El 44% de los menores de 12 años consumen pornografía, según el estudio 'Jóvenes y contenidos digitales: Pornografía, violencia explícita, hipersexualización', realizado por investigadores de la Universidad Complutense y The Family Watch, y que ha contado para su elaboración con el apoyo de las fundaciones Arana y Methos.

El objetivo de este estudio -realizado a 650 jóvenes entre el 25 de febrero y el 10 de marzo de 2026- es conocer el contexto en el que se produce la exposición y consumo de contenidos "peligrosos e inadecuados" en la adolescencia, desde la mirada de jóvenes españoles entre 16 y 29 años.

Primeras experiencias entre los 10 y 14 años

En este sentido, los jóvenes encuestados relatan las primeras experiencias relacionadas con el consumo de contenidos peligrosos y/o inadecuados durante la adolescencia temprana, es decir, entre los 10-14 años, en muchos casos, sin supervisión parental. Al respecto, un 32,5 declaró haber tenido algún tipo de control en su dispositivo durante la adolescencia.

En este contexto, el estudio añade que el período de mayor vulnerabilidad del menor se produce entre los 12 y los 13 años de edad, cuando entre un 40% y un 50% de los adolescentes tiene su primera exposición a contenidos peligrosos e inadecuados.

La adquisición del primer teléfono móvil, que suele producirse alrededor de los 12 años, expone al menor a contenidos difíciles de gestionar por su falta de madurez. E.P.

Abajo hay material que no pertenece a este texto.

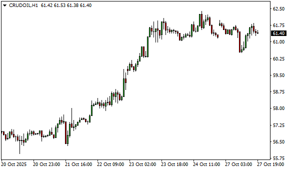 Vývoj ceny ropy WTI (1hodinový graf - H1):

Con la compra del primer móvil

Esta etapa coincide con la adquisición del primer teléfono móvil, que suele producirse alrededor de los 12 años, un hecho que, junto con el deseo de explorar y la curiosidad característica de esta edad y la presión social y no saber decir que "no", se convierte en un momento con fuerte potencial para exponer al menor a situaciones difíciles de gestionar, añade el estudio.

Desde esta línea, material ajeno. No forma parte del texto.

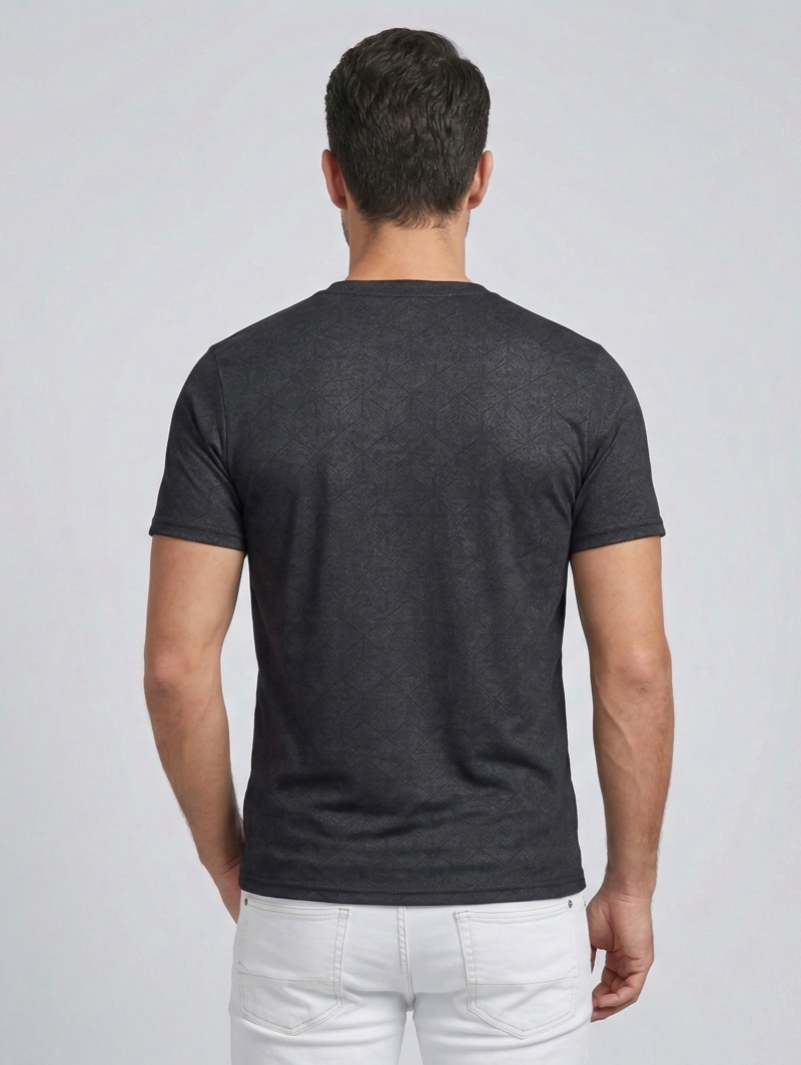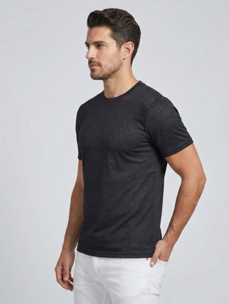 Premium Black Geometric Crew Neck T-Shirt for Men | Redbros

En este sentido, los contenidos más consumidos son el pornográfico y el de carácter violento (a través de los videojuegos), con un 19,5% y 17,4%, respectivamente.

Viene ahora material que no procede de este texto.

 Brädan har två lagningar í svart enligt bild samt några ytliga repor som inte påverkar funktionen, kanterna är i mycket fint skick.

Autolesiones, suicidio y pornografía

Aquellos contenidos de naturaleza más peligrosa que atentan contra el bienestar personal (contenido de autolesiones y/o formas de suicidio) y emocional del menor (contenido pornográfico), se consumen dentro del hogar, con un 48% y un 44,8% respectivamente, ya que los jóvenes acceden desde su habitación donde es más fácil ocultarse de la mirada de los padres.

Por otro lado, el contexto social (el colegio) es el escenario preferido para el consumo de contenido de naturaleza agresiva (28,4%), o contenidos de tipo sexual (27,7%).

"Necesitamos reforzar la formación afectivo-sexual en los colegios desde una perspectiva educativa y preventiva, que ayude a los menores a comprender el valor del respeto, la intimidad y las relaciones sanas. Y, al mismo tiempo, debemos acompañar a los padres para que conozcan los riesgos reales del entorno digital y sepan cómo actuar" ha asegurado al respecto la directora general de The Family Watch, María José Olesti.   

Poner normas y límites

En la presentación, Olesti ha destacado que "la adolescencia es una etapa de especial vulnerabilidad y los datos del estudio muestran que muchos menores están accediendo a contenidos inadecuados cuando todavía no han alcanzado la pubertad y no cuentan con la madurez suficiente para gestionarlos".

"Por eso es fundamental que los padres ejerzan una supervisión activa sobre el uso del teléfono móvil, y que se pongan normas y límites al tiempo de conexión, dedicando tiempo a conocer los contenidos que consumen sus hijos", ha añadido.

En su intervención, también ha hecho un llamamiento a las empresas tecnológicas "para que asuman una mayor corresponsabilidad". "La protección del menor debería estar integrada desde el diseño de los dispositivos y plataformas digitales, incorporando controles parentales automáticos y mecanismos de seguridad fáciles de utilizar. Internet y la tecnología ofrecen enormes oportunidades, pero necesitan límites, educación y acompañamiento para que los menores puedan utilizarlos de forma segura", ha enfatizado Olesti.